Entries shown Block Start

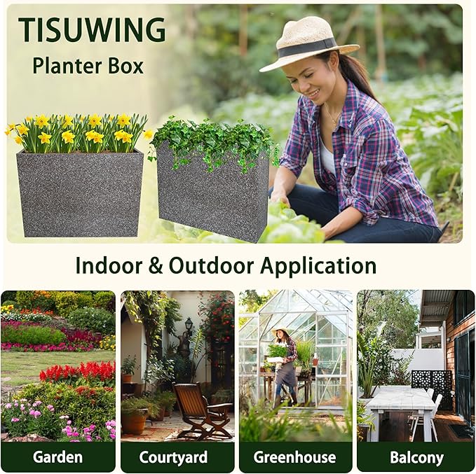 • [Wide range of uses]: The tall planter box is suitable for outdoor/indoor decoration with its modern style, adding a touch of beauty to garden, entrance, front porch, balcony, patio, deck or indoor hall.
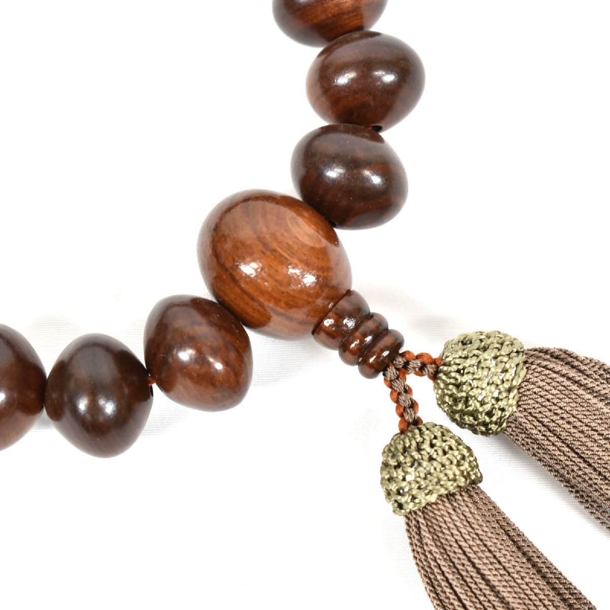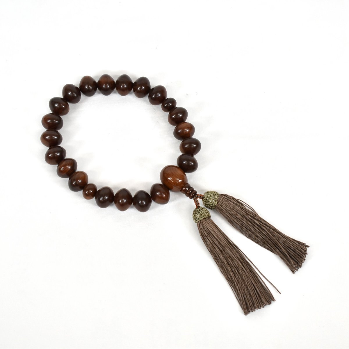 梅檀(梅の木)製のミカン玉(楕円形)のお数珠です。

Entries shown Block End
Entries shown Block Start

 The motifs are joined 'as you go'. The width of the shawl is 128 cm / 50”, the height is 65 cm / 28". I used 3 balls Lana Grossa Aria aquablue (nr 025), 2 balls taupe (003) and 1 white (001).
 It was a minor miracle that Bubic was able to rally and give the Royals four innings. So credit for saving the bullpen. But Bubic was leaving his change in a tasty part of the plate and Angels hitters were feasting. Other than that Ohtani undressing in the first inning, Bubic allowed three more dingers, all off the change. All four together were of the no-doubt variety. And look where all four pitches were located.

Entries shown Block End

▶ _What you should do_
Would you restate, exactly and with no pictures, the lines of the entries above from the one containing "or indoor hall." through the one containing "梅檀(梅の木)製のミカン玉(楕円形)のお数珠です。"?

▶ _Solution below_
 • [Wide range of uses]: The tall planter box is suitable for outdoor/indoor decoration with its modern style, adding a touch of beauty to garden, entrance, front porch, balcony, patio, deck or indoor hall.
 梅檀(梅の木)製のミカン玉(楕円形)のお数珠です。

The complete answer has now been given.